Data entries

BEGIN

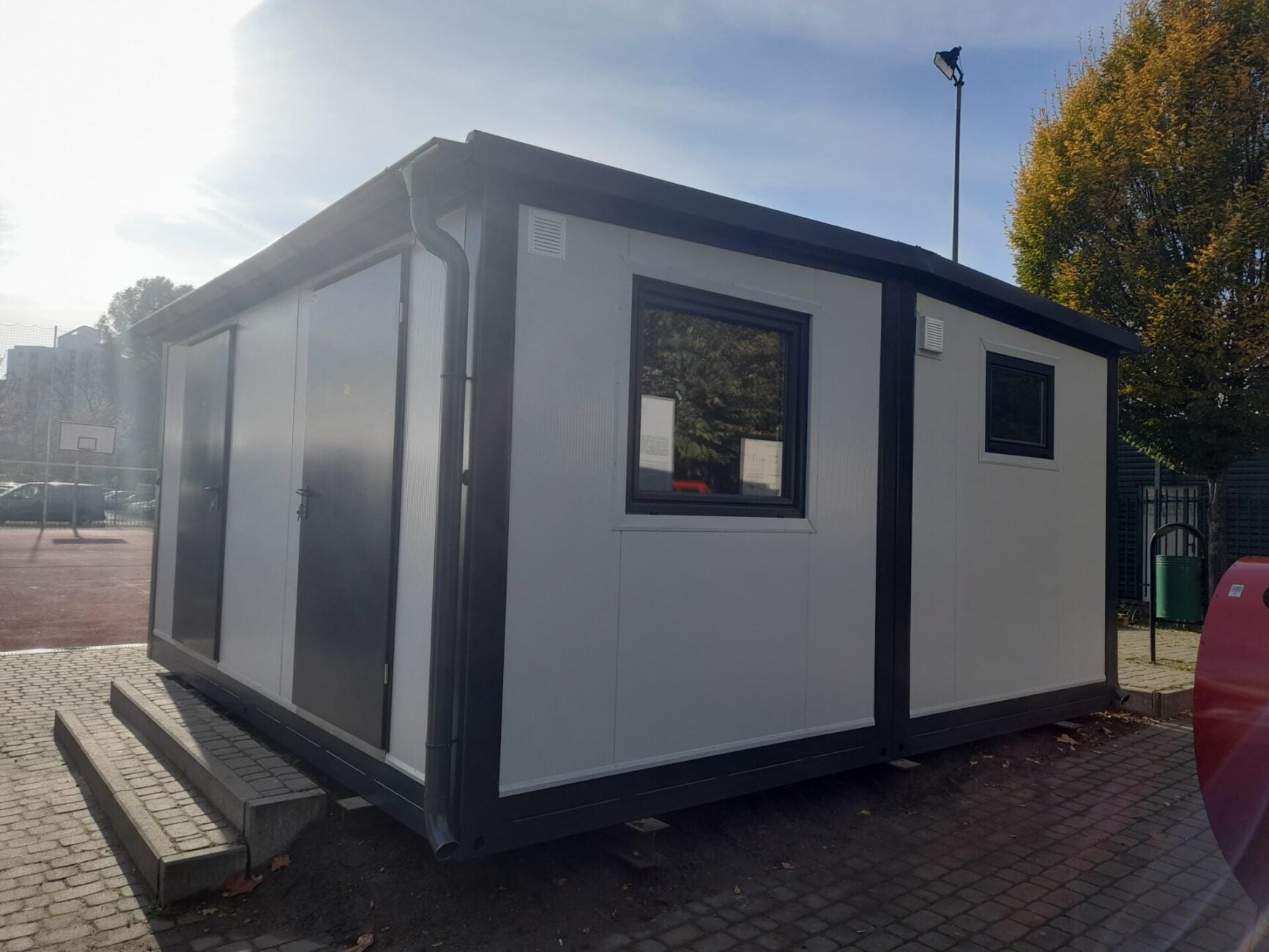 Contenedor sanitario modular de 5 m x 5 m, combinado con dos módulos completos de 5,00 m x 2,50 m CE.
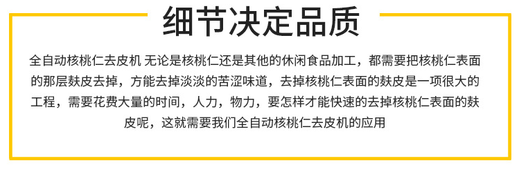 核桃深加工時(shí),需要去掉核桃仁外層的薄皮以脫除苦澀味道。以前工藝較為落后,目前諸城華邦機(jī)械的本項(xiàng)創(chuàng)新解決的技術(shù)問題是給廣大核桃產(chǎn)業(yè)提供一種大幅度提高生產(chǎn)效率、節(jié)約用人、純物理脫皮均勻干凈,自動(dòng)化程度高,不破壞核桃仁內(nèi)在品質(zhì)營(yíng)養(yǎng)成分,不爛、不碎、不損害外形,果仁完整。
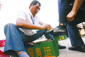 昨日下午,侯現(xiàn)中在水立方西門附近為游客免費擦鞋。本報記者 孫純霞 攝
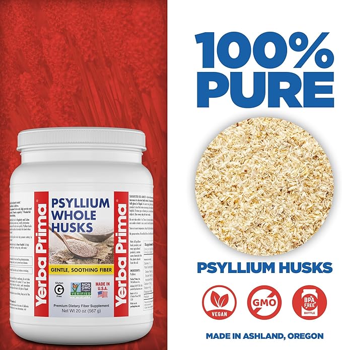 - ALL NATURAL DIETARY FIBER: Yerba Prima Psyllium Whole Husks 20 oz is Gluten Free, Non GMO, with no added sugars, artificial flavors, artificial colors, binders or fillers. Add the husks to water, orange juice, smoothies, cereals and baked goods.
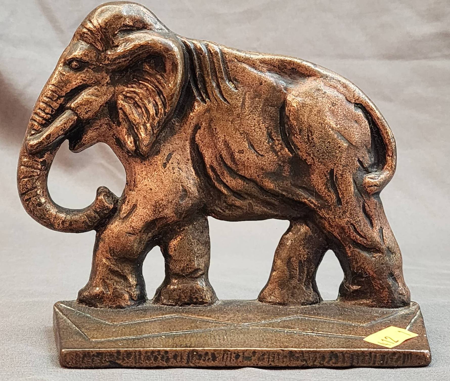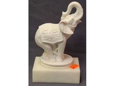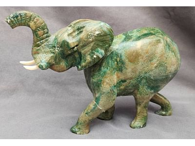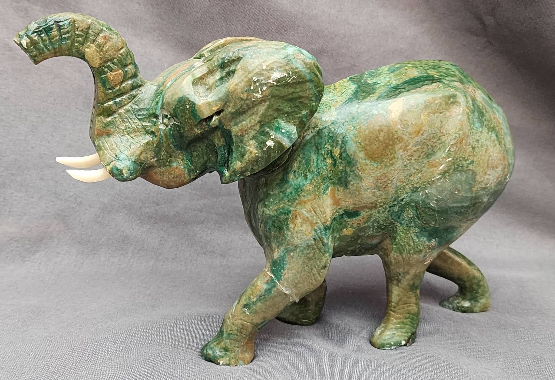 125 Green Stone Elephant Sculpture with Carved Tusks, 7?x5?
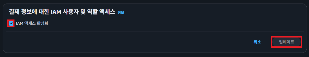 - 관리를 제외한 모든 작업은 IAM 계정을 생성하여 사용하는 것을 권장하며, 결제 관련 내용은 루트 계정에서 허용해줘야 한다.

END

▶ _WHAT TO PRODUCE_:
When you repeat the records, reproduce each line exactly and drop the images.

▶ _EXERCISE ANSWER_:
 Contenedor sanitario modular de 5 m x 5 m, combinado con dos módulos completos de 5,00 m x 2,50 m CE.
 核桃深加工時(shí),需要去掉核桃仁外層的薄皮以脫除苦澀味道。以前工藝較為落后,目前諸城華邦機(jī)械的本項(xiàng)創(chuàng)新解決的技術(shù)問題是給廣大核桃產(chǎn)業(yè)提供一種大幅度提高生產(chǎn)效率、節(jié)約用人、純物理脫皮均勻干凈,自動(dòng)化程度高,不破壞核桃仁內(nèi)在品質(zhì)營(yíng)養(yǎng)成分,不爛、不碎、不損害外形,果仁完整。
 昨日下午,侯現(xiàn)中在水立方西門附近為游客免費擦鞋。本報記者 孫純霞 攝
 - ALL NATURAL DIETARY FIBER: Yerba Prima Psyllium Whole Husks 20 oz is Gluten Free, Non GMO, with no added sugars, artificial flavors, artificial colors, binders or fillers. Add the husks to water, orange juice, smoothies, cereals and baked goods.
 125 Green Stone Elephant Sculpture with Carved Tusks, 7?x5?
 - 관리를 제외한 모든 작업은 IAM 계정을 생성하여 사용하는 것을 권장하며, 결제 관련 내용은 루트 계정에서 허용해줘야 한다.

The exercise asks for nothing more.